Орудийная канонада затихала далеко за городом, белые с боем взяли узловую станцию, и Пашка Заруба не выдержал: ушёл с друзьями на разрытое снарядами поле собирать гильзы. Вернулись поздно, и все мокрые: на обратном пути застал грозовой дождь. Вечерело. Молча высились корпуса фабрики, и огромная труба напоминала погасшую сигару; избы слободки стояли влажные и потемневшие, по колеям раскисших дорог бежали ручьи, неся пух, щепки… На углу Пашка простился с ребятами и зашлёпал босыми ногами домой. От горизонта тянулась яркая радуга, аспидная лохматая туча уходила на запад, небо синело над поповским садом, и в свежей зелени листвы тихо светились яблоки.
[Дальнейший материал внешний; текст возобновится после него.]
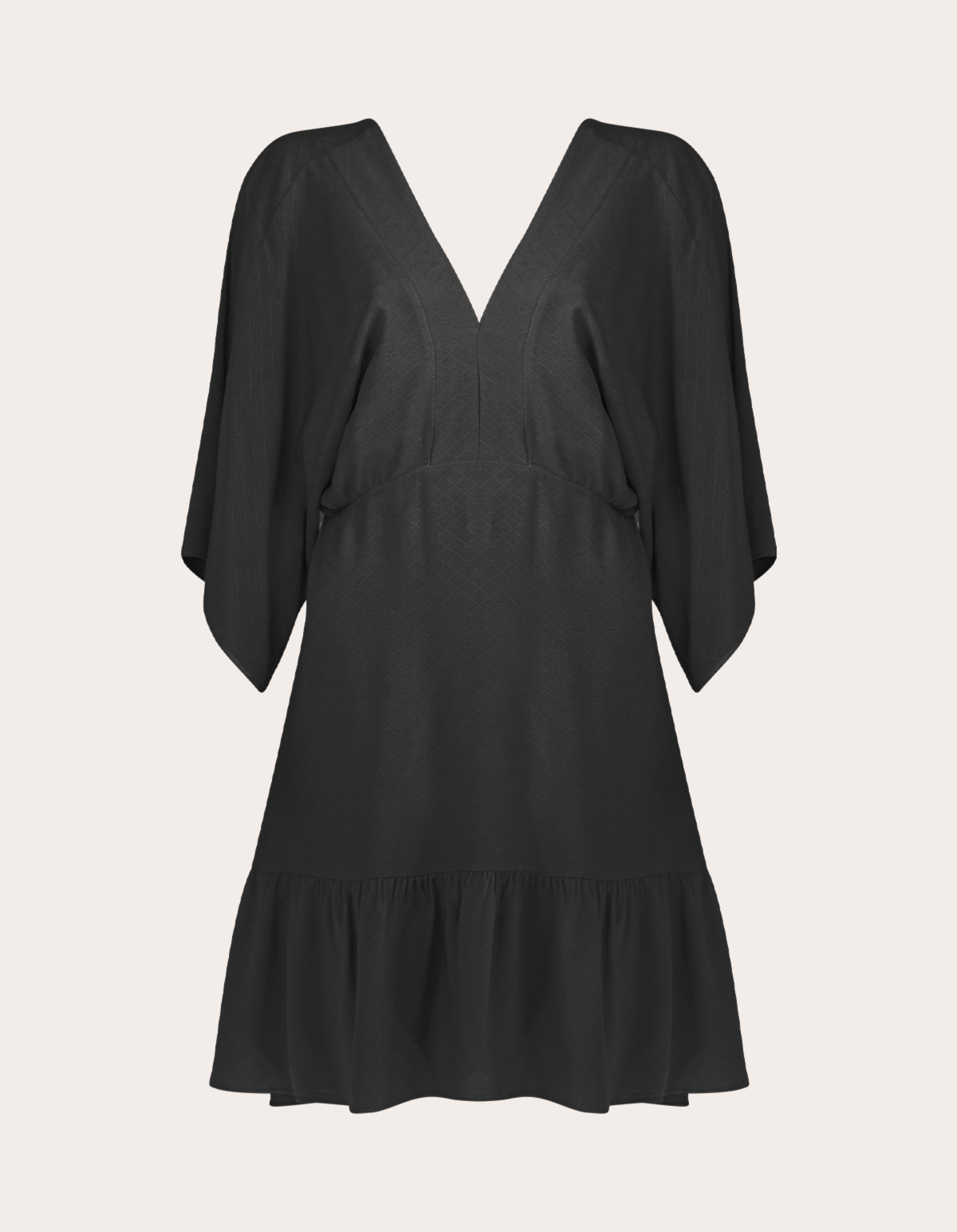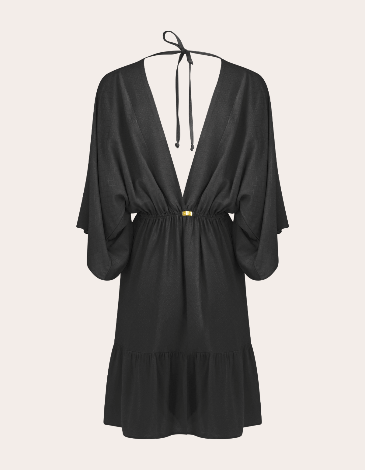 Vestido curto decote v, manga curta ampla, com viés para amarrar atrás e elástico na cintura atrás, barra com babado. com um corte fluído, proporciona conforto sem comprometer o estilo. seu design versátil é acentuado por detalhes únicos, tornando-o uma peça elegante para diversas ocasiões.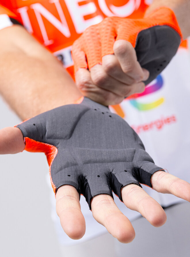 Díky bezešvé trojrozměrné struktuře a 3D dlani s exkluzivním anatomickým designem italské značky Elastic Interface® jsou tyto rukavice špičkou ve své kategorii. Podporují krevní oběh a zmírňují tlak na loketní nerv při dlouhých sezeních, zatímco perforovaná pěna s vysokou hustotou poskytuje vynikající pohodlí na řídítkách. Tato verze používá pevnou tkaninu pro super elastický a odolnější hřbet, takže je ideální i pro disciplíny, jako je šotolina. Velmi pružná a odolnější pevná vrchní tkanina. Vynikající termoregulace. 3D dlaň s technologií Elastic Interface®. Bezešvá a pružná tepelně tvarovaná anatomická konstrukce. Perforovaná pěna s vysokou hustotou. Dlaň s pokročilým úchopem. Bezešvá manžeta zpracovaná laserovým řezem. Zápěstí se silikonovým potiskem.Detaily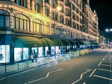 Инсталляции, выполненные из алюминиевых каркасов в ярких цветах, установили возле универмага Harrods на Бромптон-Роад, а также на улицах в районах Найтсбридж и Мейфэр.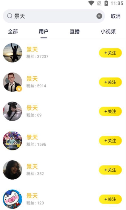 还能在搜索框里直接搜索名字,把类别切换成“用户”,然后点击“关注”就能进入了。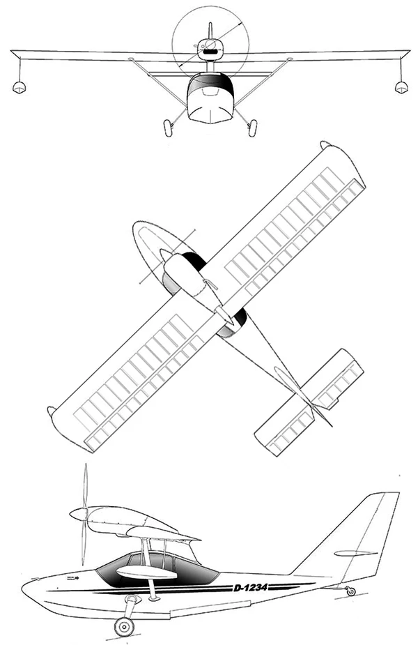 Самолёт оборудован тянущим винтом, расположенным над кабиной пилота.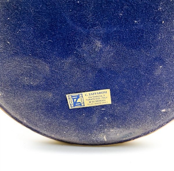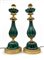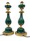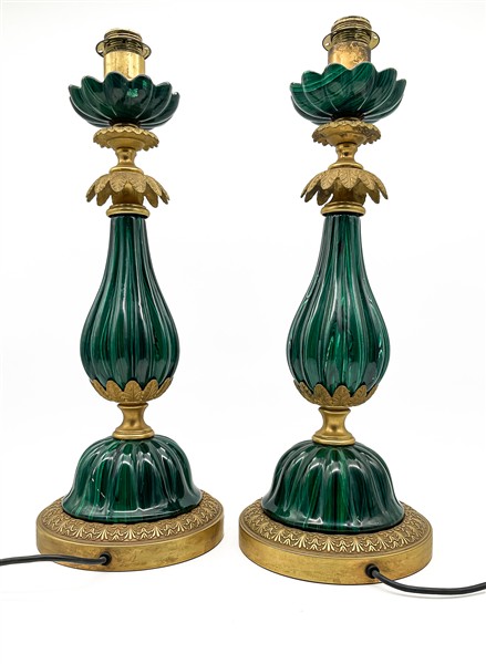Coppia di basi per lampada da tavolo con fusto e bobeche costolati in ceramica dipinta ad effetto malachite, base e raccordi in bronzo dorato con decori a motivi fogliacei. Manifattura Carlo Zaffaroni, Turate (CO), etichette sotto la base (h cm 55) (lievi difetti)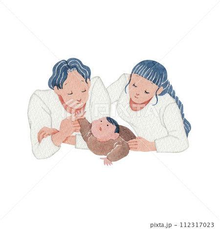 赤ちゃん 子ども 家族 両親 人物 水彩 イラスト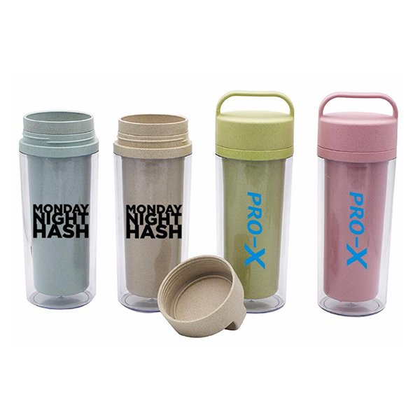1. 300ml雙層小麥桔梗隨手杯,尺寸為6.8*19cm,材質為小麥,容量達300ml,重量輕巧只有176g。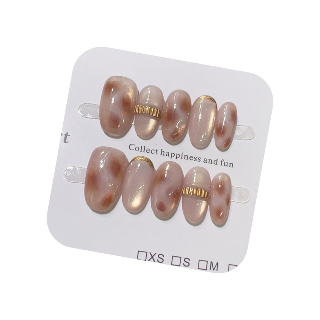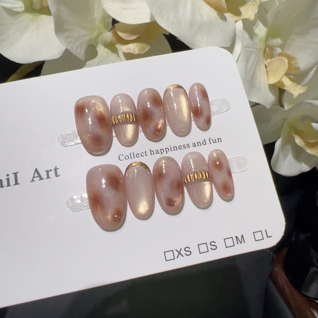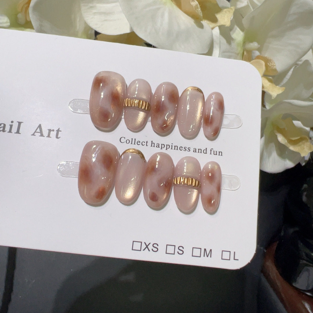 【金镶玉影】蜜桃玉髓晕染金饰线条温柔风粉糯玛瑙清透感手工美甲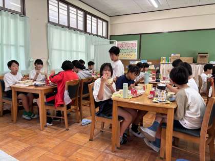 梅原先生に授業していただいた後は、ランチルームでの給食!年に数回の貴重な機会。いつもと違う雰囲気が楽しそうでした。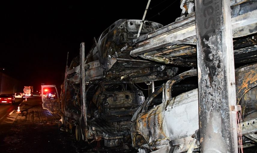 Olayı görenlerin ihbarı üzerine bölgeye polis, sağlık ve itfaiye ekipleri sevk edildi. İtfaiye ekipleri, yangını kontrol altına alarak söndürdü. Ancak, yangın sonucunda tır ve içerisindeki otomobiller kullanılamaz hale geldi.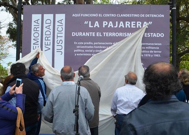 El intendente Gerardo Bassi descubrió el cuarto cartel de Señalización de Sitios de Memoria, en ‘La Pajarera’, frente al ex Campo Hípico del Ejército, este jueves por la mañana, junto víctimas, familiares y testigos del terrorismo de estado, a los organismos y militantes de Derechos Humanos de la región.
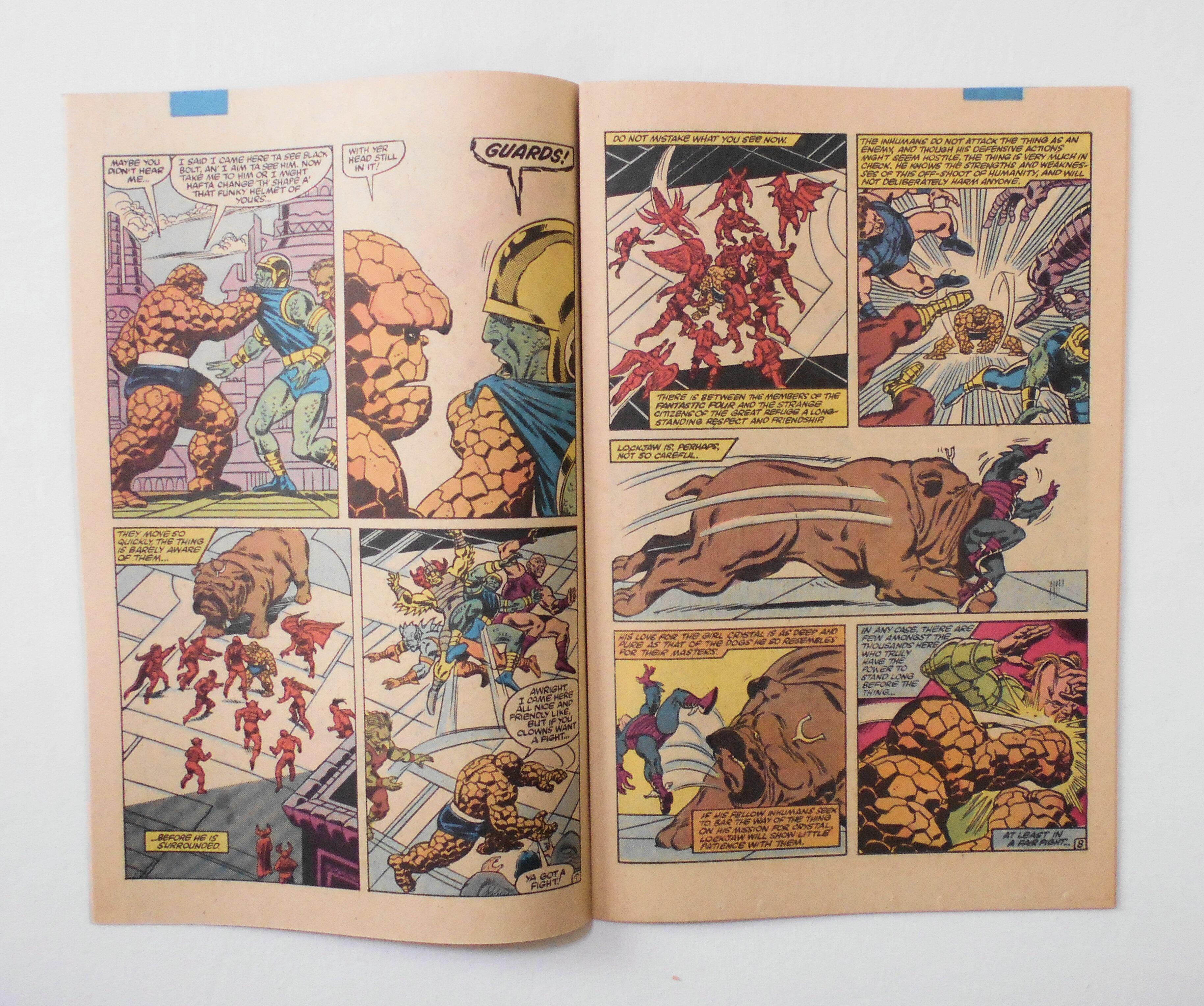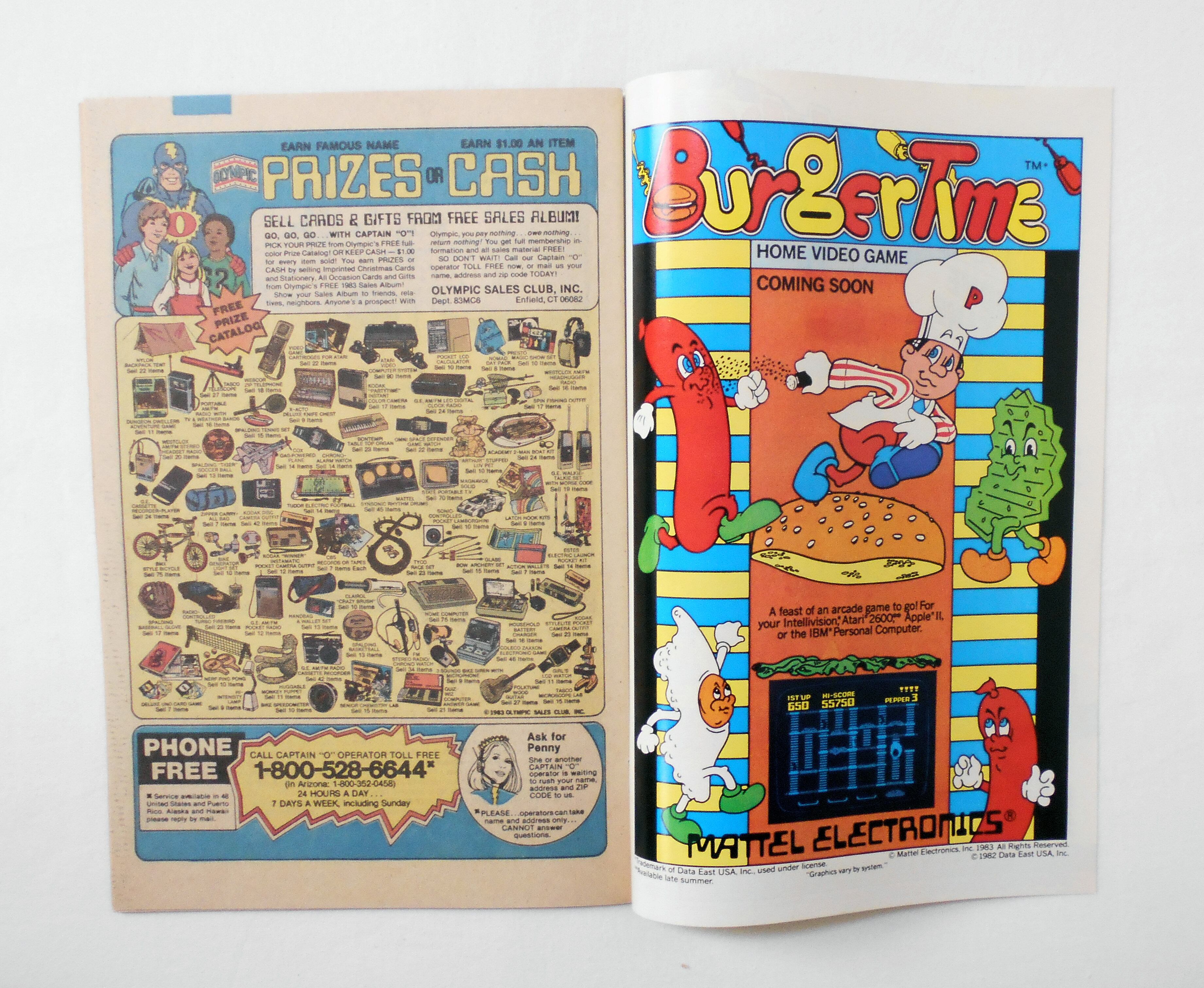 上のホッチキスが留められていません。穴の跡もなく、おそらく製本ミス/付け忘れのようです。他、多少の擦れやシワ、黄ばみ、紙ジミ、角や端の傷みや折れ等があり、経年に伴う使用感は否めませんが、目立った汚れやシミ等はなく、1980年代の輸入中古コミックですので、その点を考慮頂ければ、普通程度~おおむねきれいな状態だと思います。新品同様の美品をお求めの方や、中古品にご理解が頂けない方にはお薦め出来ません。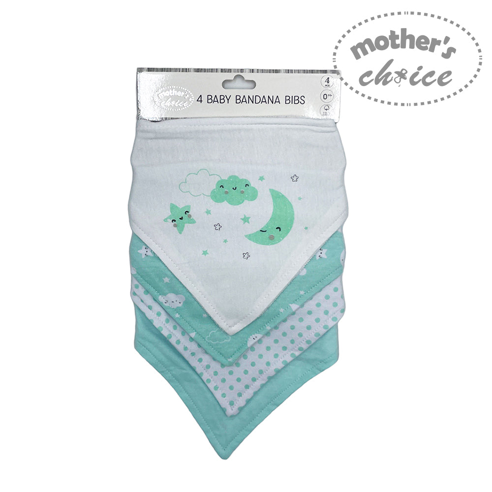 MC BABY 100% COTTON 4 PACK BANDANA BIB SET - CLOUDS
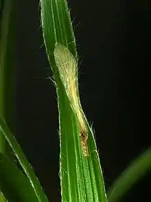 The larvae feed on greater wood-rush (Luzula sylvatica) mining the leaves of their host plant. Young larvae create a very narrow mine running parallel to the midrib. The mine then suddenly widens to almost the full width of the leaf. The frass is deposited in the transition area between the mine types. Pupation takes place outside of the mine.[3] They are greenish black with a pale honey coloured head. Larvae can be found from autumn to mid-June of the following year.

У раскрытой калитки стоял казак с медалями, а через улицу с крылечка трактира хозяин говорил ему голосом, звучно разносившимся в чутком воздухе:

— Я и толкую, у солдатки матрос воздушный стоял, и голубь, должно, необнакновенного роду.

Пашка задрал голову, и ноги его отяжелели, как бабки, налитые свинцом.

Над двором широкими кругами ходил его любимый красногрудый почтовик, несколько дней назад увезённый лётчиком. Он, видимо, искал свою голубятню и не знал, куда сесть.

Пашка не помнил, как возле него очутился трактирщик в лакированных сапогах и белом фартуке и казак о медалями. Оба они тыкали вверх пальцами, что-то ему говорили, и Пашка, точно сквозь сон, улавливал отдельные выражения:

— С полчаса летает… А тебя голубь знает, пойдёт в руки… Ступай слови…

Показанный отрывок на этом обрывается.